The Matter standard should similarly galvanize development of the smart home ecosystem. For the first time, consumers will be able to buy any smart home product, and use it with their existing ecosystem (e.g. Google Home, Samsung SmartThings). That should increase use of smart home devices and consumer choice. As long as a device supports Matter (even specialized devices from small manufacturers will), it can connect to any smart home ecosystem.

Explaining Matter

So what is Matter? It started in 2019 when 200 of the biggest tech companies joined forces to sponsor the Project Connected Home over IP (with the acronym CHIP). They included Apple, Google, Samsung and the Zigbee Alliance . Their goal: to create a unified smart home standard that would make it easier for manufacturers to connect their products to the dominant voice assistants and to each other’s products. Industry support was high.

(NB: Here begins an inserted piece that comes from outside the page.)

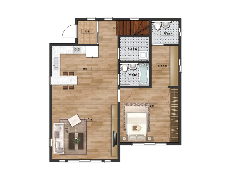 단열재 인슐레이션(내벽:R-11, 외벽:R-19, 지붕:R-30)
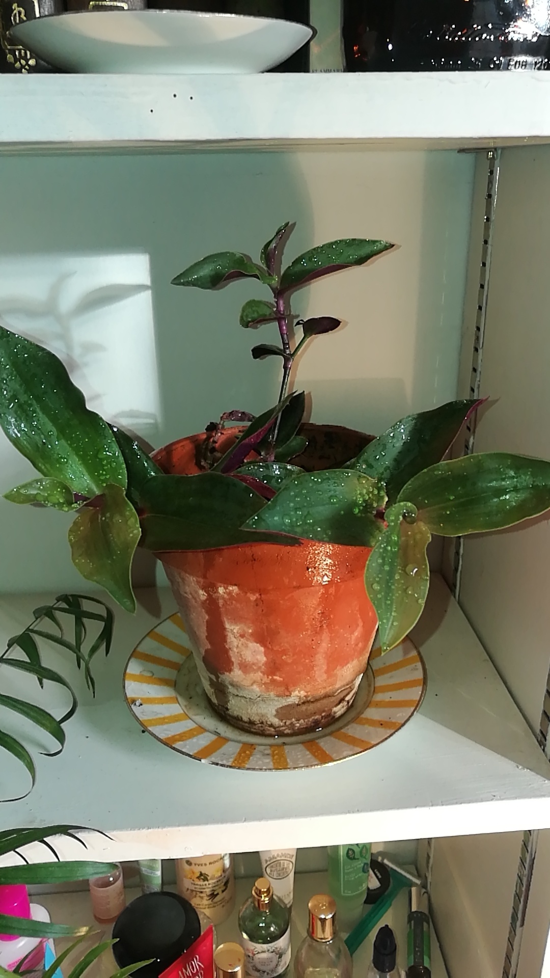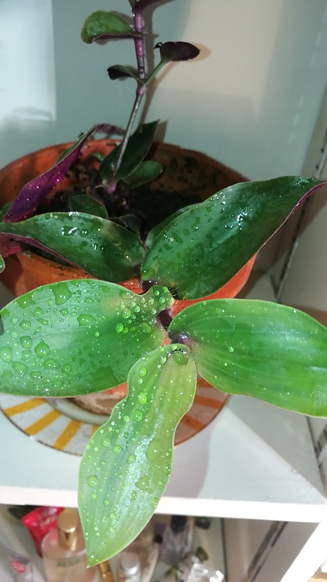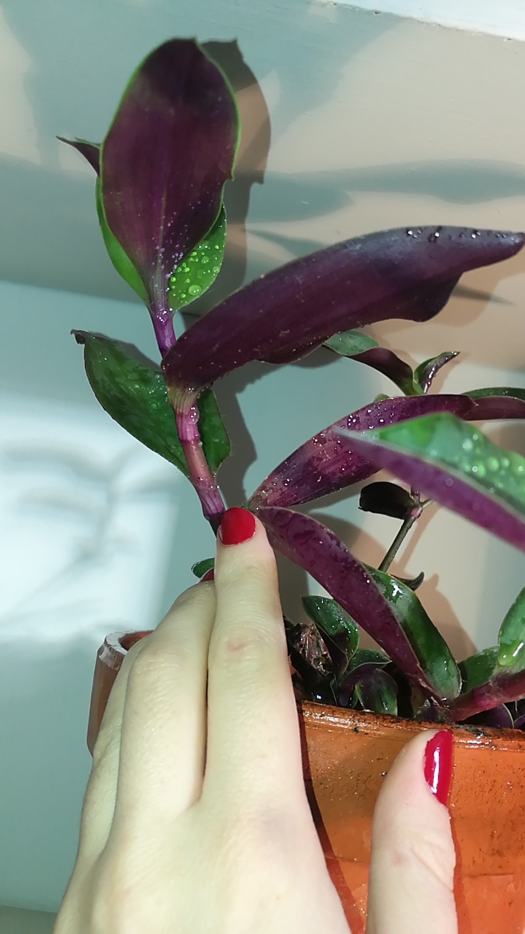Je ne pense pas qu’il s’agIsse de tradescantia palida car son feuillage est très velu, ce qui n’est pas le cas de la plante en photo. Il s’agirait plutôt de tradescantia spathacea rhoeo s’étant effilé par manque de lumière

Matter, however, is not completely new. Instead, it builds on existing standards such as Ethernet, Wi-Fi, Bluetooth Low Energy for initial pairing. It also uses Thread, a relatively recent networking protocol that connects products from different brands without the need for a smart home hub. There is ongoing work to allow existing smart home ecosystems to integrate new devices that incorporate the Matter protocol. Several companies will update their existing products to support Matter – such as Philips Hue, Yale and Google.

This is an overview

Source: Qorvo 1

Growing momentum

The first new products with Matter compatibility should arrive next year. Google, for instance, said at its Google Smart Home Developer Summit that it would release new tools to help developers build devices that work across Google Home, Matter and any other Matter-compliant ecosystems. Amazon too has affirmed that it will support Matter in its Echo devices and Eero Wi-Fi routers. For its part, Apple has said it will support Matter in iOS15; and Samsung has promised Matter support for SmartThings hubs, Galaxy devices, TVs and even fridges. With these dominant manufacturers committing to Matter, it should only be a matter (pun intended) of time before other manufacturers jump on the bandwagon.

It’s an exciting time for the smart home. As the Matter protocol takes off, it’s likely to prove a gamechanger for the smart home.

1The Zigbee Alliance is an already existing alliance of smart home companies including Ikea, Legrand, Schneider Electric, Signify and many others. It was recently renamed to the Connectivity Standards Alliance (CSA).